The current Haar algorithm has been taken from imgSeek program (http://www.imgseek.net). We have rewritten the code to be more C++ like, and interfaced fingerprint computation/queries with the digiKam database (imgSeek uses a serialised binary file as database, not a real SQL database as digiKam).
In the current implementation of digiKam three new tools have appeared:
- A batch fingerprints generator to scan whole collections and record/update all Haar fingerprints to digiKam's database.
- A new Sketch editor to query the database and find images which are similar to a drawn template.
- A new Image Similarity Search tool. You can drag and drop an image from your collection to this area, and digiKam will search all relevant similar images. Instead of using drag and drop, you can also use a new menu entry named "Image/Find Similar".
For both tools, results can be saved in the digiKam database as new virtual search folders.
There are several pending development jobs:- Generating fingerprints on the fly, for example, when we create a new image from an editor or when new images are imported from a camera. Currently, fingerprints need to be generated manually using the batch tool.
- Creating a new tool to find all duplicate images stored in the whole collection (like the Tools/Find Duplicates menu entry).
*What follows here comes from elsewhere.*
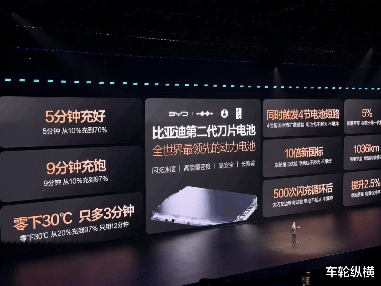 深圳大运中心体育馆,比亚迪董事长王传福站在台上,说出了那句掷地有声的话:“没有人比我们更懂电池。”这一天,比亚迪正式发布了第二代刀片电池及闪充技术,用一组惊人的数据震动了整个新能源汽车行业:5分钟充至70%,9分钟充至97%,零下30摄氏度也只比常温多3分钟。
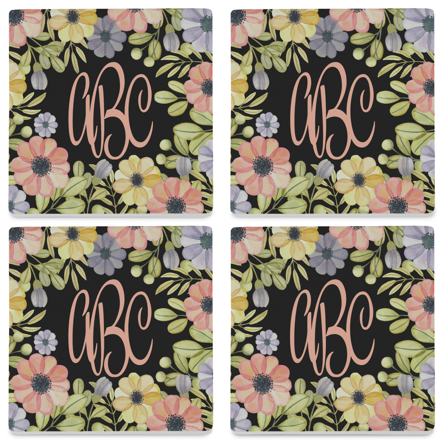 By default, the 4 coasters all have the same design on them, however, you can change that and have a different design on each one of the 4 coasters. The choice is yours.

This tool will create a map of images when duplicates are found. The GUI will be composed of a list of main images which have duplicates. This list will be hosted in a new tab named "Duplicates" from the "Fuzzy Search" sidebar. When the user selects an item from the list, the icon view will display all relevant duplicate items. From the icon view, the user can of course delete all unwanted items.
- No accuracy info is displayed in the icon view about the relevance of items found with a database query. This requires a lot of changes in the icon view implementation and this will be done after the 0.10.0 release. In fact our current icon view implementation still uses the Qt3 transition classes and pure Qt4 model/view implementations need to be done instead.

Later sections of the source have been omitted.